Outside, the clutch mechanism is covered with an aluminum crankcase with a stamped steel pan (lower part of the crankcase).
The crankcase is attached to the engine block with six bolts and two amplifiers.
On the other hand, four studs are screwed into the crankcase for securing the gearbox.
The crankcase has a place for installing the clutch slave cylinder and a window for installing the fork.
Spring-lever clutch
According to the principle of operation and design of most elements, a spring-lever clutch is similar to a diaphragm clutch.
The main difference lies in the design of the drive plate (basket), which consists of a pressure plate casing, clutch release levers and pressure springs.
The design of the drive plate ensures the transmission of torque through the clutch cover, as well as the centering of the pressure plate and its axial movement when the clutch is released.
The pressure plate is made with three protrusions, in the grooves of which the clutch release levers are installed on the axles.
The levers are connected to the clutch cover by support forks.
Spherical nuts are screwed onto the threaded part of the forks.
The shanks of the support forks are punched to prevent loosening of the nuts.
Nuts are pressed against the spherical surfaces of the casing by conical springs.
The pivoting of the support forks compensates changing the distance along the radius between the axes of the levers when the clutch is disengaged, and also allows the ends of the levers to self-align.

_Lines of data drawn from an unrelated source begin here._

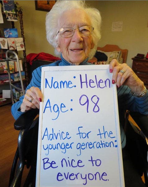 “Seja gentil com todo mundo”. Helen, 98 anos.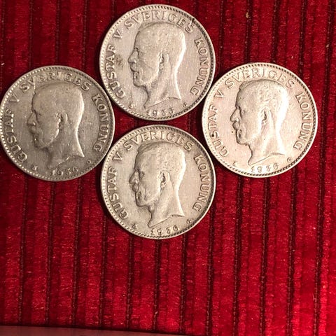 Samling svenska 1-kronorsmynt i silver. Mynten visar kungaporträtt på ena sidan och riksvapen med texten "Sveriges konung" på den andra sidan. Passar för myntsamlare eller som material för exempelvis hantverk eller dekoration. Antal mynt och exakta årtal framgår av bilderna.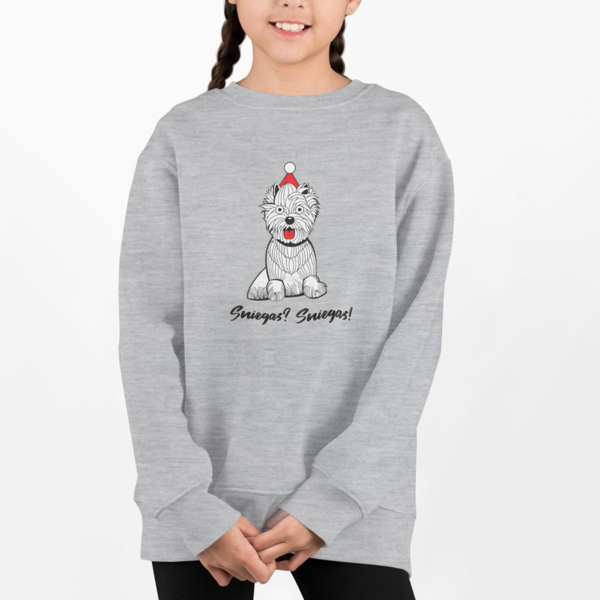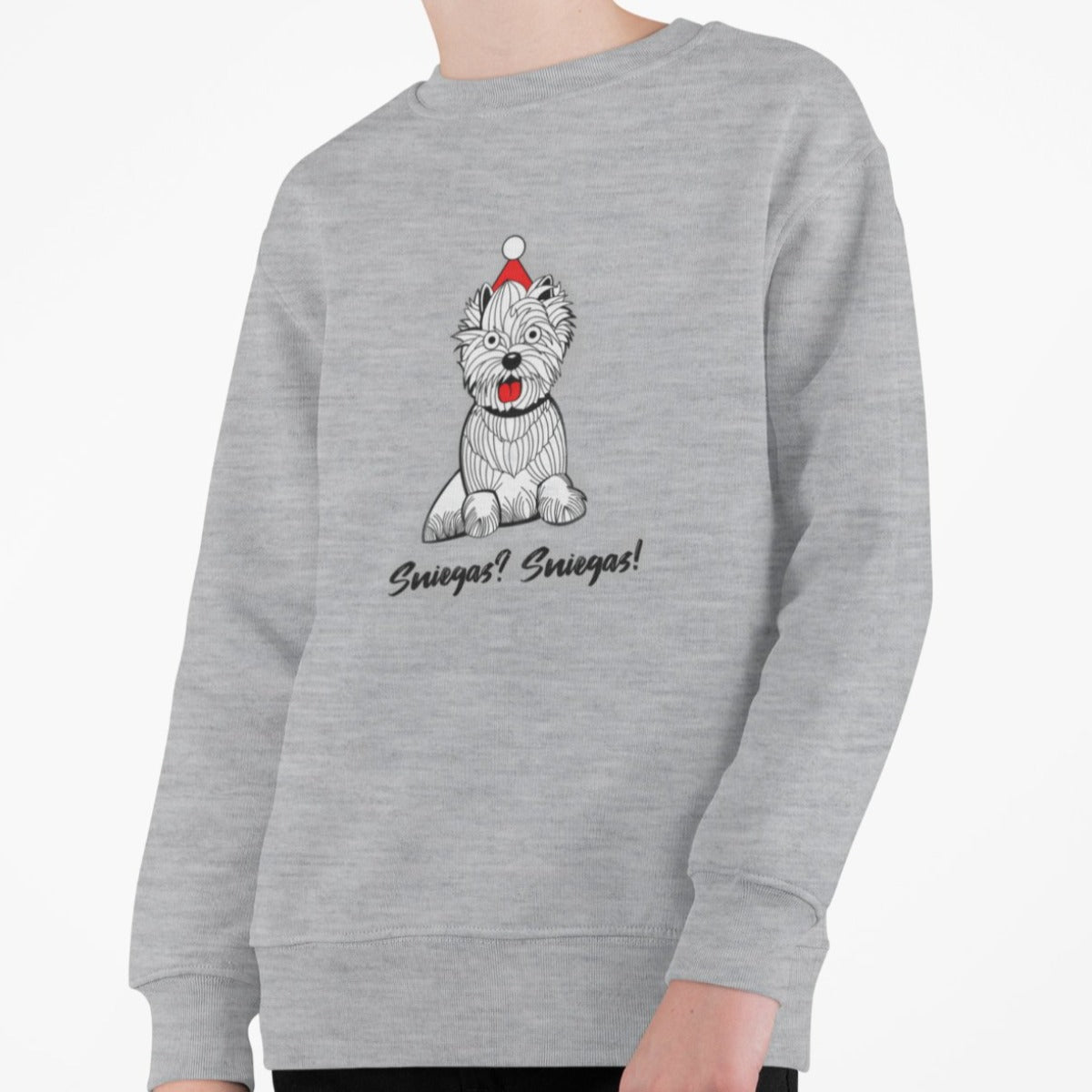 Vaikiškas pilkas melanžinis kalėdinis džemperis "Sniegas? Sniegas!"
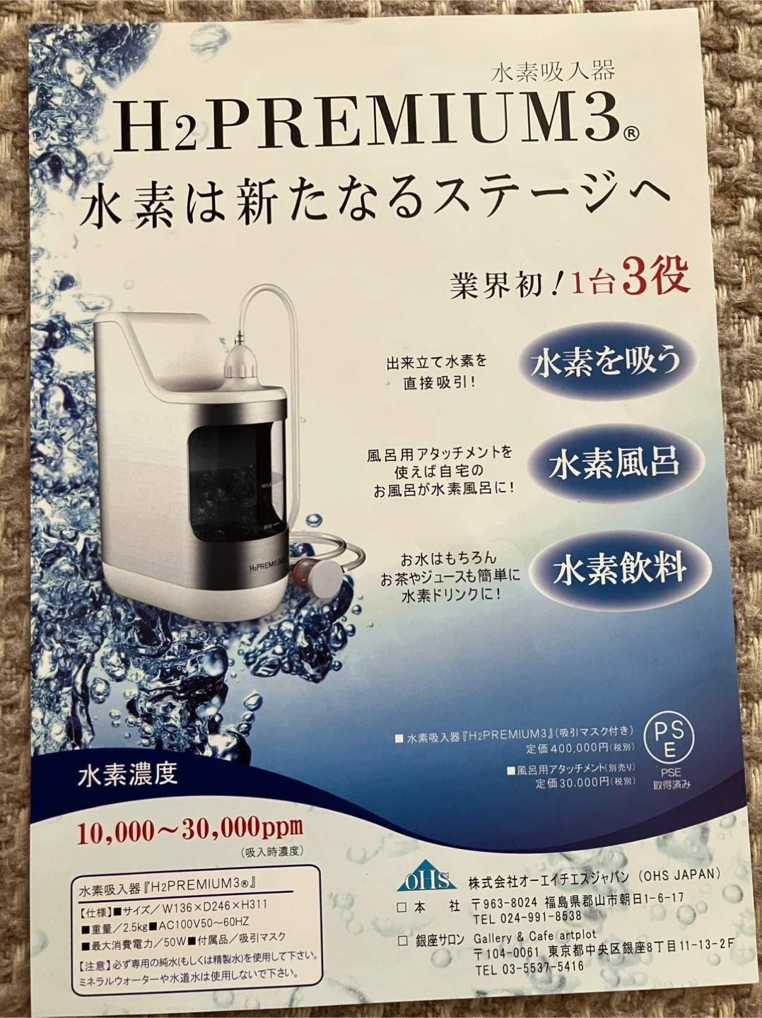 オーエイチエスジャパン H2 Premium 3 水素吸入器

The axles of the levers are mounted on needle bearings.
Three rectangular holes are made in the clutch cover for the projections of the pressure plate.
The casing is attached to the flywheel with six bolts.
There are nine pairs of cylindrical pressure springs under the casing.
Bleeding the clutch release hydraulic drive and replacing the working fluid
We pump the hydraulic drive when replacing the working fluid, as well as to remove air from the system that got into it during the repair or replacement of individual components.
We do the work with an assistant.
Removing the protective cap from the bleeder of the working cylinder of the hydraulic drive, we put a hose (preferably transparent) 30–50 cm long on the bleeder, immersing its end in a container filled with working fluid.
The assistant presses the clutch pedal three to four times at intervals of 1-2 seconds, and then keeps the pedal depressed.
With the “8” key, turn off the bleeder valve by 1/3–1/2 turn.
In this case, part of the working fluid and air bubbles are forced into the container, and the clutch pedal drops to the floor.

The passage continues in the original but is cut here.